Second, there are the owners of Melbourne City, the City Football Group. The Group also owns Manchester City, New York City and have a significant share in Yokohama Marinos. Almost two years ago the City Football Group were concerned enough about the A-League model to invite all club owners to Abu Dhabi for a strategy pow-wow at the time of the Abu Dhabi F1.


Third, there is the new owner of Newcastle Jets, the Ledman Group.


The City Football Group and the Ledman Group’s owner, Martin Lee, share a connection.


China Media Capital (CMC) has a 13% ($400 million) share of the City Football Group. Both CMC (5%) and Lee (3.5%) have a joint shareholding in Infront Sports.


Does that name ring a bell?


Infront Sports is the company headed by Sepp Blatter’s nephew Philippe, which was acquired by Dalian Wanda last year for $1.2 billion. Philippe Blatter is head of Wanda Sports.


In March this year, Dalian Wanda was named as one of FIFA’s premium sponsors - negotiated between Sepp Blatter and Philippe Blatter before Gianni Infantino was elected FIFA President - in a deal that is worth around $100 million a year.

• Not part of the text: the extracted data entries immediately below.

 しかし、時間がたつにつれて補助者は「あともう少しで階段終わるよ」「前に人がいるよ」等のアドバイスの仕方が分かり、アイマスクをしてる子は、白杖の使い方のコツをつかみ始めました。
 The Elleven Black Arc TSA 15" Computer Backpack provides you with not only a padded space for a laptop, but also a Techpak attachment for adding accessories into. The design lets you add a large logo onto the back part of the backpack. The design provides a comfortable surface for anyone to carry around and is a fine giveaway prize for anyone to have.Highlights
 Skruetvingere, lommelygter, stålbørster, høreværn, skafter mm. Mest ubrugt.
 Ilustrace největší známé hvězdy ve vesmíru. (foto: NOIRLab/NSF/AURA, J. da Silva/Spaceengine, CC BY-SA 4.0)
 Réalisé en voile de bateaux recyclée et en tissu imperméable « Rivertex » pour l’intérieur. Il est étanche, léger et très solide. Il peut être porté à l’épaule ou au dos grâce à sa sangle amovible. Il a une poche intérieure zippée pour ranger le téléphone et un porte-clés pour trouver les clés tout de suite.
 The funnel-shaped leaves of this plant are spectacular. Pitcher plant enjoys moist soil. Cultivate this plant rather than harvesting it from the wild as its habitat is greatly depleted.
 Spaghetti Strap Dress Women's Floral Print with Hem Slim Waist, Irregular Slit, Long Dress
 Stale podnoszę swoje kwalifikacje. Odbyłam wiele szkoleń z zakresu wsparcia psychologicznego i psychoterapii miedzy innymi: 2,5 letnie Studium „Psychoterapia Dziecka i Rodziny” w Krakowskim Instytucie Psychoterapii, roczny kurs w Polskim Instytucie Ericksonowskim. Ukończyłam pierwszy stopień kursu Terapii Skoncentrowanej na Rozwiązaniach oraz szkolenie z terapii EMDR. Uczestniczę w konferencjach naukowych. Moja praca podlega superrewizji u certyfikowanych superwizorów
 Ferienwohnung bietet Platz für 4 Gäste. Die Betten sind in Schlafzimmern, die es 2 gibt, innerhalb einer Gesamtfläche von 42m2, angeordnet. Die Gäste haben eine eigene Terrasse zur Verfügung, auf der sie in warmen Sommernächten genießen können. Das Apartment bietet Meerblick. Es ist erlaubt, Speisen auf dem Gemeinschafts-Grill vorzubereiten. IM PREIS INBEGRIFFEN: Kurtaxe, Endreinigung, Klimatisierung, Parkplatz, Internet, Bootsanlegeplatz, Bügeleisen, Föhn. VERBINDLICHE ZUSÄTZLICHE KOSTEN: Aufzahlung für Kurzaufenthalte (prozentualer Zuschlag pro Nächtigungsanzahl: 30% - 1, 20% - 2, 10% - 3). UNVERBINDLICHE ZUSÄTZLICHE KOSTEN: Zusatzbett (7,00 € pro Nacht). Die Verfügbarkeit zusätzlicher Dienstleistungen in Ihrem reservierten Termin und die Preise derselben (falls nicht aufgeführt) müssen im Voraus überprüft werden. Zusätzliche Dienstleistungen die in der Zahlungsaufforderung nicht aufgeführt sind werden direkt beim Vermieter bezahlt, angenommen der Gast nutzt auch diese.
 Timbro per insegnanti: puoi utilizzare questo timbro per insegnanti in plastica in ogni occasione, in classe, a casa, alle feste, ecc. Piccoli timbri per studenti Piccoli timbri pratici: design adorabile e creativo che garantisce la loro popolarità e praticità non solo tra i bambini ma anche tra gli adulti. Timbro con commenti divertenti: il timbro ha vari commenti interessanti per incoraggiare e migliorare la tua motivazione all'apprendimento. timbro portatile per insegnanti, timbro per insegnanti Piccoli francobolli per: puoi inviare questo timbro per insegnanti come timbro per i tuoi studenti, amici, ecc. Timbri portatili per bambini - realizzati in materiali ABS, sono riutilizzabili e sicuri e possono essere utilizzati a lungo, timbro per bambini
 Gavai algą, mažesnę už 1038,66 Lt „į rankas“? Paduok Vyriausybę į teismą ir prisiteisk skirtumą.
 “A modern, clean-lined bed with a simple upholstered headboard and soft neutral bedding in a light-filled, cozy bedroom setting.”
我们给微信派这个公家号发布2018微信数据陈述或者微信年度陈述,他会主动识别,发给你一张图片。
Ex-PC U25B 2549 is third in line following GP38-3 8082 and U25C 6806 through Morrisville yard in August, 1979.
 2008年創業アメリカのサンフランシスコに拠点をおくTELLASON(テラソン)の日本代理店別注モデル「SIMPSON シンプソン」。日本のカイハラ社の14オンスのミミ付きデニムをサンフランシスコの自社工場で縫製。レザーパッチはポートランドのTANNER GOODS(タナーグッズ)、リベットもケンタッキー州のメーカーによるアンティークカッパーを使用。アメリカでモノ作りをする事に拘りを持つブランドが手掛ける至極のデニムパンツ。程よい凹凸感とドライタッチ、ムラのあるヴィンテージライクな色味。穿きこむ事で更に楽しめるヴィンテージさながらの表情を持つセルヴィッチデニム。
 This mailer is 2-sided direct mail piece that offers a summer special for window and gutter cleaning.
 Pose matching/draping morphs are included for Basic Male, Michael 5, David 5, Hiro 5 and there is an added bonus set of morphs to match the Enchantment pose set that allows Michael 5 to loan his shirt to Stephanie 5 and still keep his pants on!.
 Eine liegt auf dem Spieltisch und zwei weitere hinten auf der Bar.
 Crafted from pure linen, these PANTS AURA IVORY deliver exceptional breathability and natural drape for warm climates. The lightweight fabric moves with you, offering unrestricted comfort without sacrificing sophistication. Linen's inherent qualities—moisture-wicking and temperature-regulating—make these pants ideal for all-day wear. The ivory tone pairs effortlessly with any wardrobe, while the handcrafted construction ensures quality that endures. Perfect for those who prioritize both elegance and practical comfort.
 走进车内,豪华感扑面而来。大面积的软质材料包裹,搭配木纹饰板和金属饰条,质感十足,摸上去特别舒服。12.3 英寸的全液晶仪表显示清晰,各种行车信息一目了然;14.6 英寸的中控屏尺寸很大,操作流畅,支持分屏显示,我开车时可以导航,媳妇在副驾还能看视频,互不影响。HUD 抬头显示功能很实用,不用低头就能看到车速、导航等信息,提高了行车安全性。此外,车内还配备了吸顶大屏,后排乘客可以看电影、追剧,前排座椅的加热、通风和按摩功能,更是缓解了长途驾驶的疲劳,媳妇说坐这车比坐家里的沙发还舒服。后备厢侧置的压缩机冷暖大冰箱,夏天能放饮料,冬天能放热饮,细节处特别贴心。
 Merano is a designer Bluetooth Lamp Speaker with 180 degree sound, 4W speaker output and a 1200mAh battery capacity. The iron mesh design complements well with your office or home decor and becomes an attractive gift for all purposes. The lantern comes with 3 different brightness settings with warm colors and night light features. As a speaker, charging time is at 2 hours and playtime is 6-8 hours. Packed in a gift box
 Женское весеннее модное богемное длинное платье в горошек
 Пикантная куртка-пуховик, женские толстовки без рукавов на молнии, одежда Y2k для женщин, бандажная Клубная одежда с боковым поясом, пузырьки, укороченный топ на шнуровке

Wanda owns media rights to FIFA and FIFA Films, Russia 2018, Serie A, Serie B, Ligue 1, the DFB’s competitions (not the Bundesliga), AC Milan and Inter Milan. Recently, they floated the idea of a rival to UEFA’s Champions League competition which is causing a major split in UEFA that is likely to have an impact on their Presidential election tomorrow. 


For the game, for the world? Really?


As FFA and its key stakeholders (other than fans of course!) meet with FIFA and the AFC next week, the key questions they need to be satisfied on are:


  • What is in the best interests of Australian football overall?
  • Would a separate A-League administration be willing to step-in if/when the next A-League club goes under?
  • Would they fund expansion?
  • Would they fund promotion and relegation?


Let’s go into it with eyes wide open. FIFA and AFC Statutes may be the rationale for the meeting. The real reason is likely to be something much bigger.